Когда ночь опустилась на день, повиснув на рее и раскрыв свою сияющую карту перед капитаном, Дафно лежал в гамаке каюты, не мог уснуть и говорил сам с собой:

- Почему он пишет "в землю", а не "на землю"? Может, так он просит похоронить его дома? Но откуда такие мрачные мысли: ведь я выловил его письмо, и если бы он сообщил в нем координаты или хотя бы описание острова, то его бы спасли. Но там ни слова, за которое можно было бы зацепиться... Неверие. Как мне это знакомо! - Дафно посмотрел на свою выцветшую темную мантию: он не снимал ее почти никогда с тех самых пор, как черная теплая кровь, стекая по шпаге, обожгла его руку... - Он ведь солдат, брошенный своим генералом, покинутый своей церковью, словно заблудшая овца... Завтра спрошу капитана, нет ли поблизости необитаемого острова.

Дафно перевернулся на бок. Внутренняя стена борта качалась перед ним. Или это его неподвижная люлька качалась? Все относительно.

- Но почему я должен верить этому письму? Вдруг это ловушка: уж как-то очень по-робинзоновски звучит!


Утром, застав капитана, умывающегося драгоценной пресной водой, Дафно позволил себе нарушить его ритуал и скромно спросил:

- Господин капитан, воды ваших бескрайних владений вчера шепнули мне тайну одной обреченной души...

- Святой отец, говорите проще.

- Бутылка, выловленная из воды, содержала записку человека, выброшенного на необитаемый остров.

Капитан цинично улыбнулся.

- Ха, да вы хоть представляете, сколько таких "несчастных" отшельников живет на ничейных клочках земли? А когда мы пытаемся спасти их, в нас летят камни и самодельные стрелы. Они там сами себе короли, обеспеченные всем необходимым: водой, едой и одиночеством... А впрочем, дайте почитать.

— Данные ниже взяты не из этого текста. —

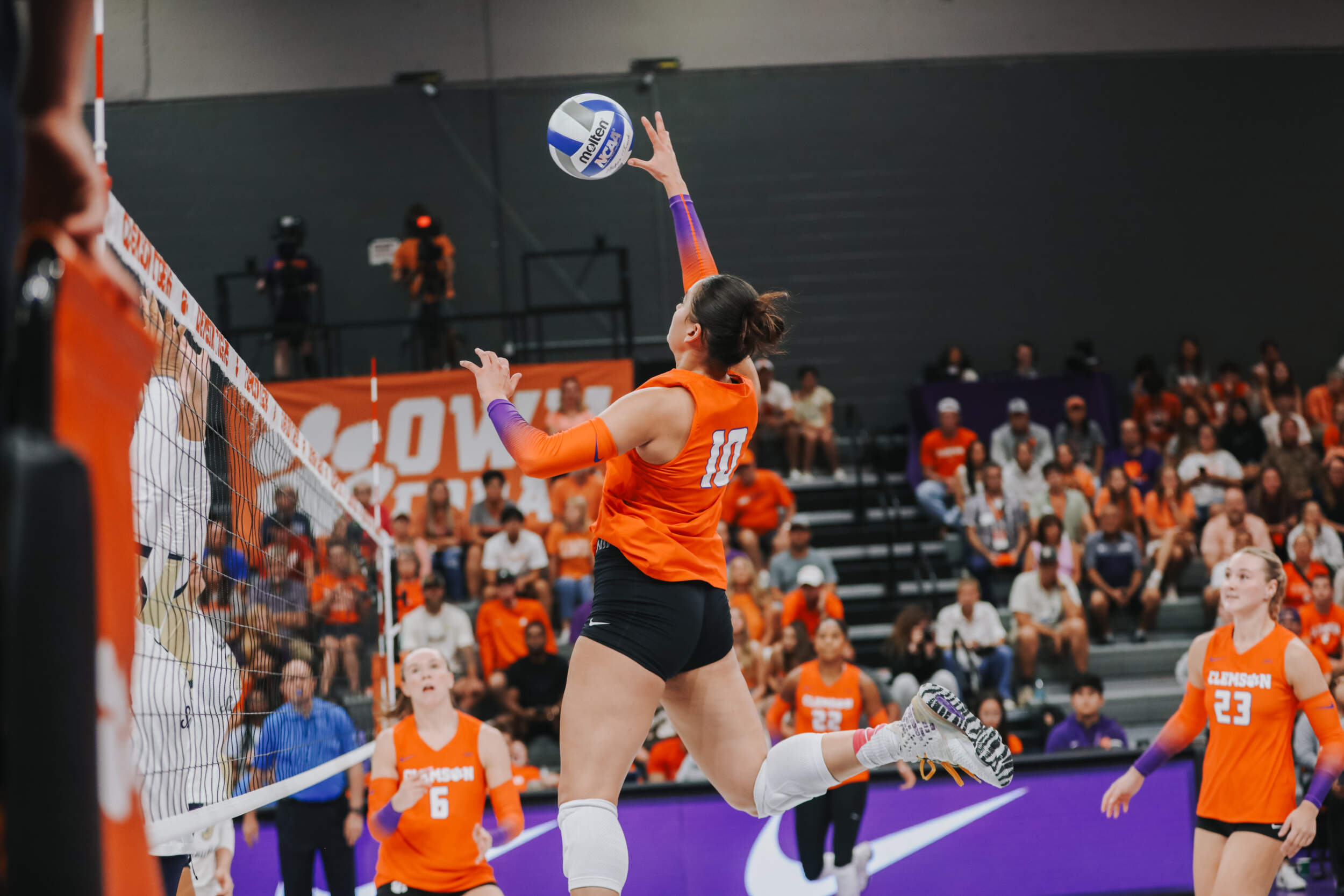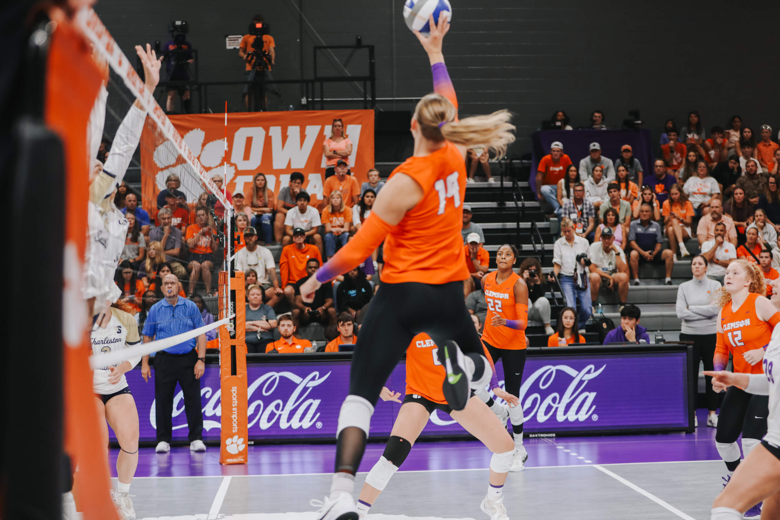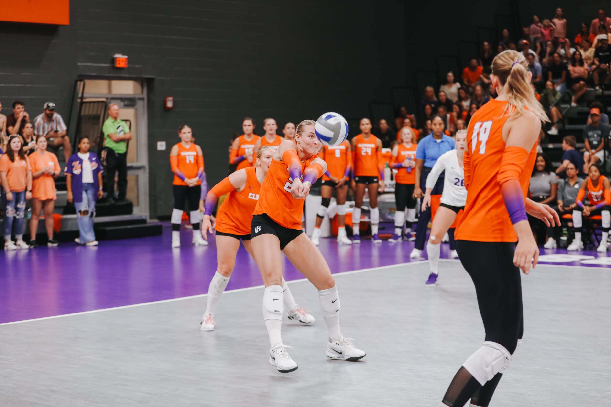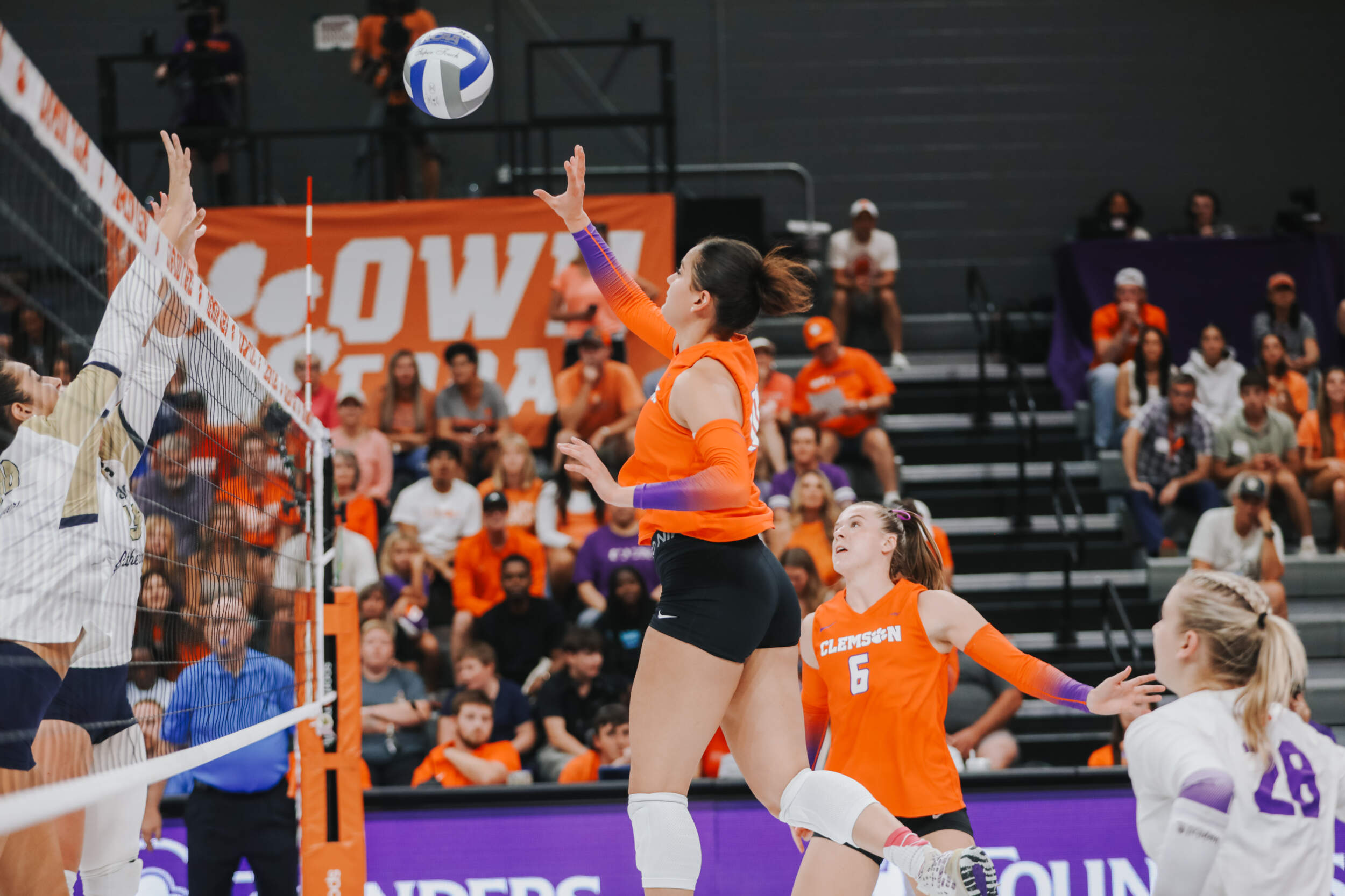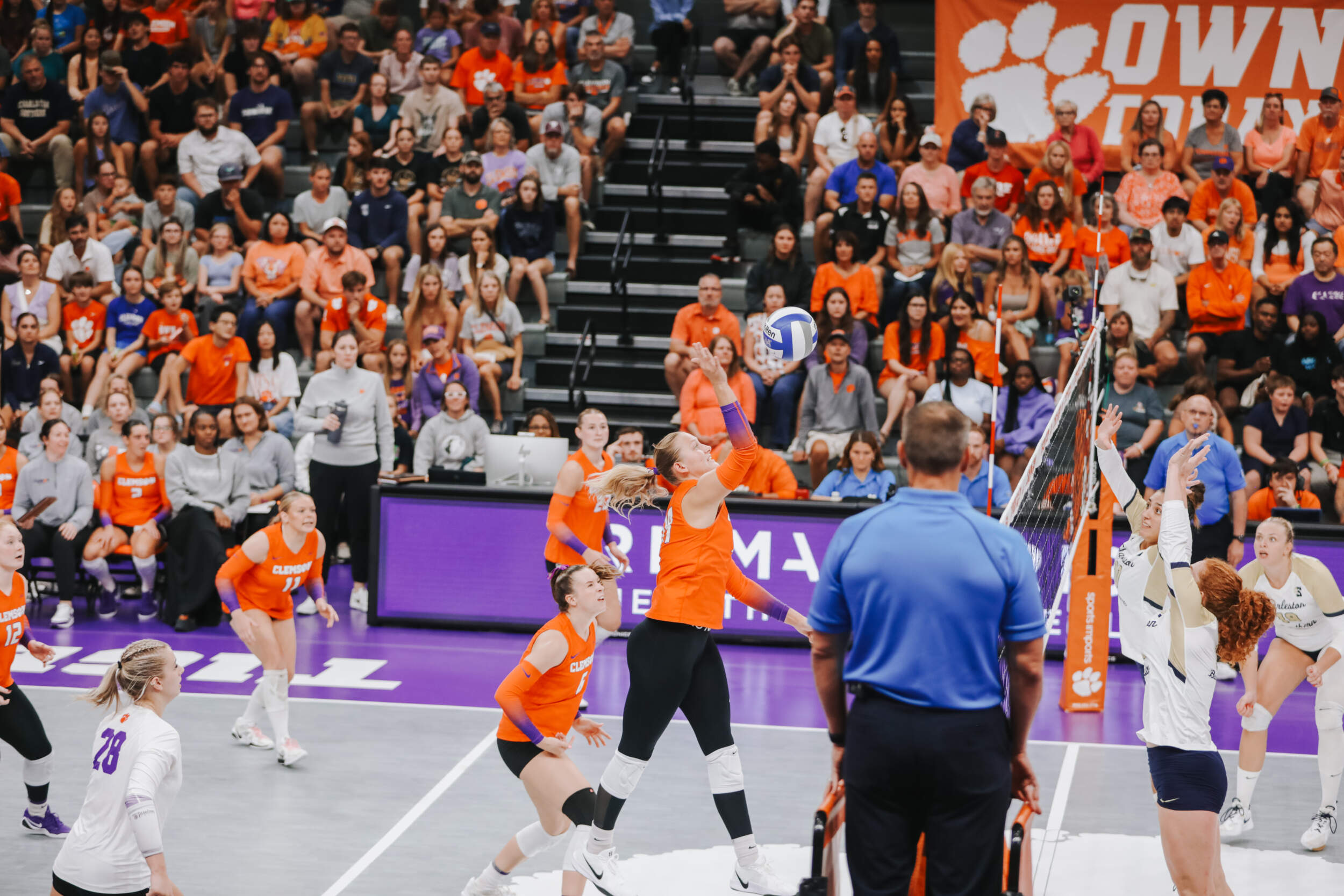 In the first set of the evening, the Tigers and the Buccaneers traded points with Charleston Southern grabbing a two-point lead at the media timeout. Clemson would battle back and take a 22-21 lead thanks to an ace from Claire Luoma and kills by Mia Moore and Kate Hansen. A three-point run from Charleston Southern would eventually secure the first set for the Buccaneers, 25-23.
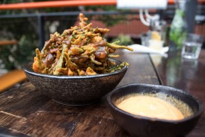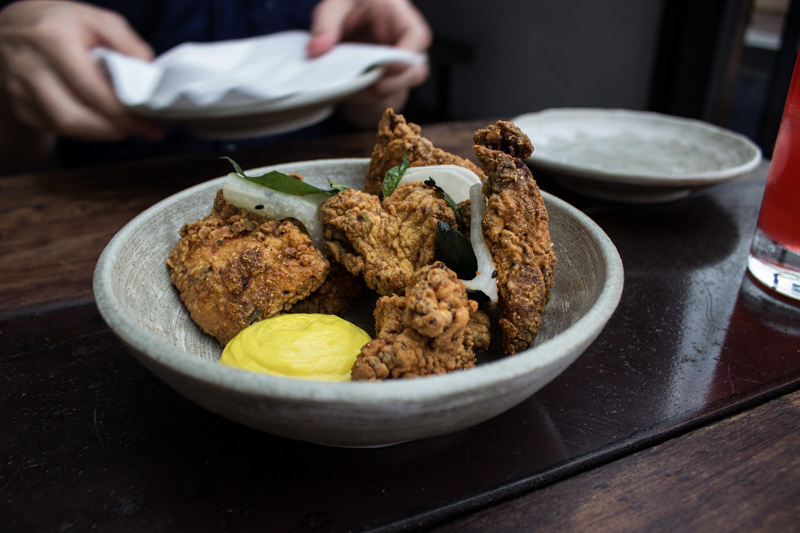 Samphire Pakoras comes next, stacked high and drizzled with date and tamarind chutney. It’s not a dish that would seem to be screaming out for a sweet addition but it actually works surprisingly well. There’s not a hint of grease in the batter, which breaks with a satisfying crunch to reveal salty green tendrils of samphire hidden within. The real gem is Keralan Fried Chicken. Its mundane exterior hiding a thin layer of spicy marinade on the surface of the meat that cuts through the richness of the dish perfectly. There’s a real tang to it, an aromatic sucker punch that catches your taste buds entirely off guard. This is fried chicken taken to a whole new level, an impressive evolution of an ubiquitous food.
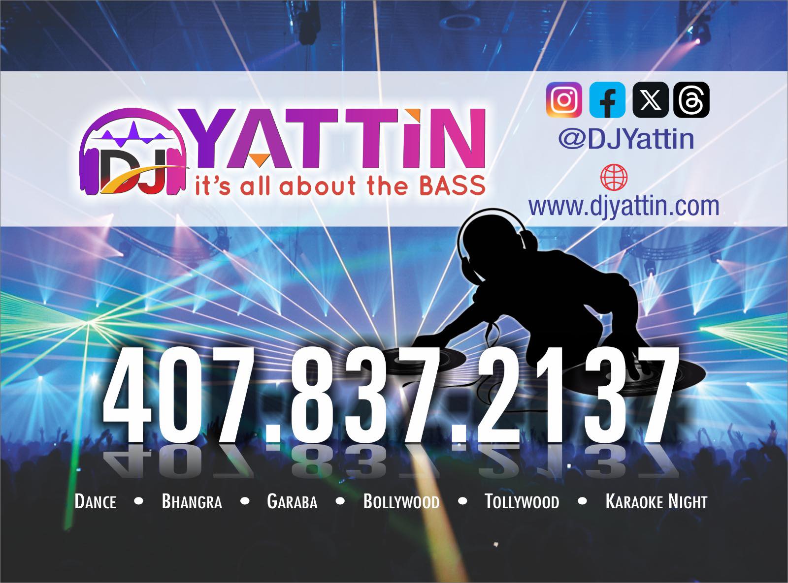 DJ Yattin is a dynamic and versatile DJ with a passion for creating unique and unforgettable musical experiences. His deep understanding of various genres allows him to masterfully blend Bollywood, Punjabi, Tollywood, EDM, Club, Hip Hop, and Rap beats, providing a diverse and engaging performance for all audiences. His journey began with a profound love for music, evolving into a career defined by innovation and energy. What sets DJ Yatin apart is his exceptional ability to connect with the crowd, keeping the dance floor alive and earning him a reputation as a true maestro of beats.
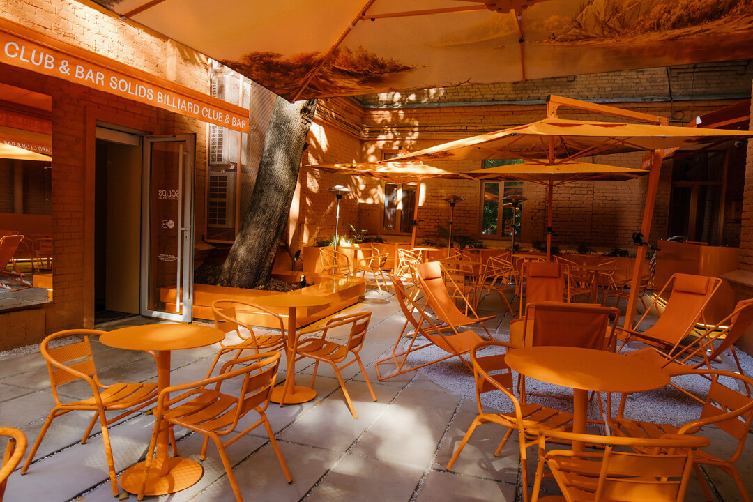Бич-клаб от Hermès в знаменитом оранже? Лучше! В апельсиновый тотал-лук нарядил свой двор (роскошь для Петроградской!) бильярд-бар Анри Бера и его команды: шайбы-столы, шезлонги, зонтики. С манговым роял беллини и креветками с карри монохром — еще тотальнее. Также обещают слэш-коктейли на ледяной крошке, фруктовые шербеты и 1 июля шумно транслировать финал Лиги чемпионов.

Капитан, вытерев лицо и руки об узорчатую салфетку, перекинутую через плечо, взял записку у Дафно. Читая, он улыбался и разглаживал усы. Однако, бросив ее на середине, он небрежно вернул клочок бумаги тому, кому было интереснее.

- Чушь! Бросьте и не думайте об этом.

- Но вы ведь не будете против, если на следующей остановке я сойду на берег и поспрашиваю людей.

- Я буду против, и вы знаете почему.

- Потому что я ваш пленник?

- Хватит, Дафно! Кажется, я вам в прошлый раз довольно наглядно продемонстрировал разницу между пленником и гостем.

"Прекрасно помню", - подумал гость, вспомнив избитого и закованного в кандалы французского моряка. Две недели назад он выглядел как человек, которому срочно необходим духовник. И священника ему привели, прямо в грязный огороженный кубрик, но только для того, чтобы показать разницу между гостем и пленником.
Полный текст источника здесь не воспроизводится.